§ AIM OF THE EXERCISE: The reply should consist solely of the lines from the one that holds "Runner Easter 08" through the last line of the material, reproduced exactly; no pictures belong in it.

§ DATASET SECTION:
.....

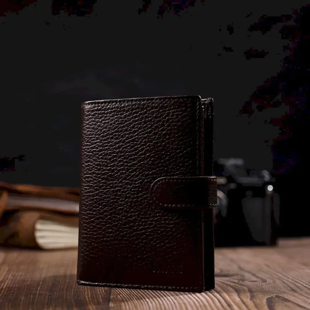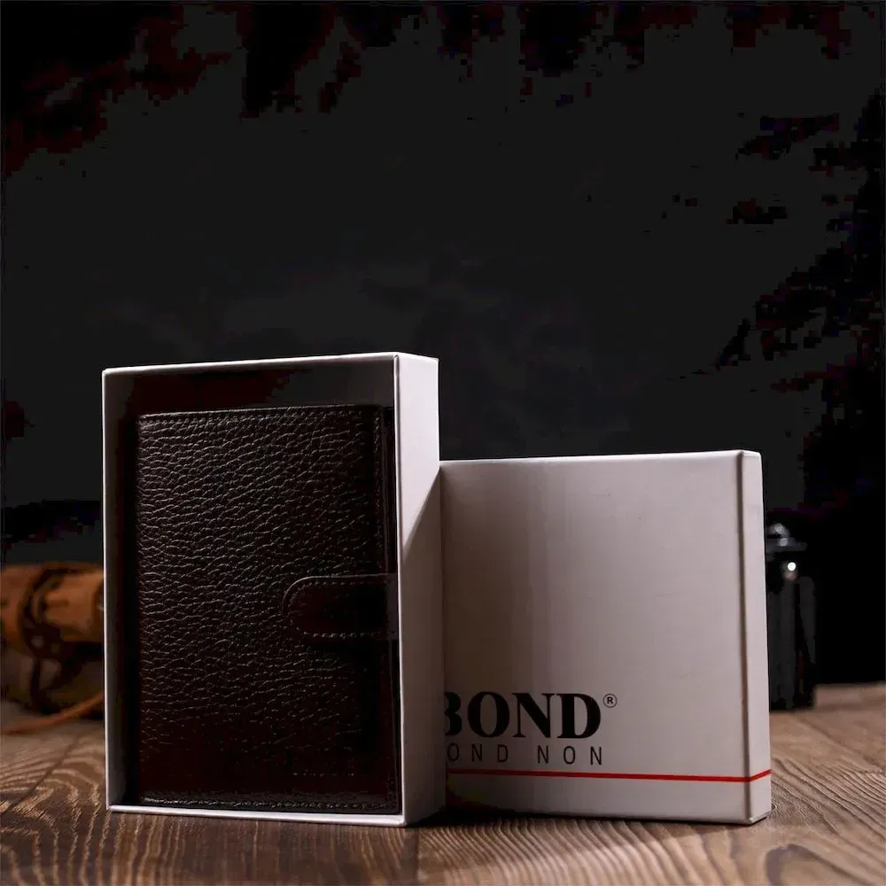 Практичний портмоне для чоловіків з натуральної зернистої шкіри BOND 22056 Коричневий
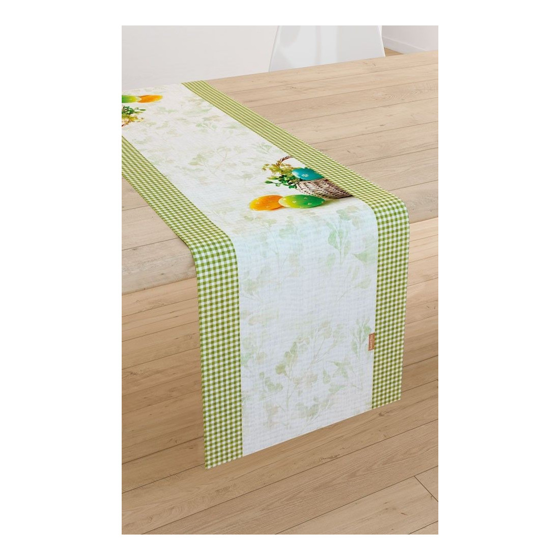 Runner Easter 08 της Saint Clair, διακοσμημένο με αυγουλάκια και ένα πασχαλινό καλάθι.
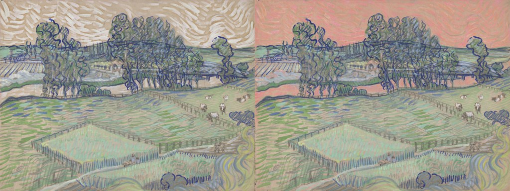 We could also decide not to care about posterity and accept that some of our colours will dull and shift under our very eyes. Van Gogh, always the romantic, was well aware of the issues of the new pigments of his time: “All the colours that Impressionism has made fashionable are unstable,” he wrote to his brother Theo in 1888, adding in another letter later that “paintings fade like flowers.” Yet this is hardly an option for most professional artists who usually want their works to be around for a while—even if they cannot resist a new colour when it comes on the market and opens a whole new colour space. No more than Van Gogh could resist that new Geranium Lake or Golden Yellow Lead Chromate, could Rothko resist Lithol Red, nor artists in the 1960s resist the fluorescents when they hit the market (nor today for that matter) even if their drawbacks are well known. Alas, the geranium faded, Rothko’s Harvard paintings have shifted beyond recognition (or restoration), and so have all these fluoros. Still, they are fun to use and exciting while they last.

.....

§ SOLUTION FOR THIS EXERCISE:
 Runner Easter 08 της Saint Clair, διακοσμημένο με αυγουλάκια και ένα πασχαλινό καλάθι.
 We could also decide not to care about posterity and accept that some of our colours will dull and shift under our very eyes. Van Gogh, always the romantic, was well aware of the issues of the new pigments of his time: “All the colours that Impressionism has made fashionable are unstable,” he wrote to his brother Theo in 1888, adding in another letter later that “paintings fade like flowers.” Yet this is hardly an option for most professional artists who usually want their works to be around for a while—even if they cannot resist a new colour when it comes on the market and opens a whole new colour space. No more than Van Gogh could resist that new Geranium Lake or Golden Yellow Lead Chromate, could Rothko resist Lithol Red, nor artists in the 1960s resist the fluorescents when they hit the market (nor today for that matter) even if their drawbacks are well known. Alas, the geranium faded, Rothko’s Harvard paintings have shifted beyond recognition (or restoration), and so have all these fluoros. Still, they are fun to use and exciting while they last.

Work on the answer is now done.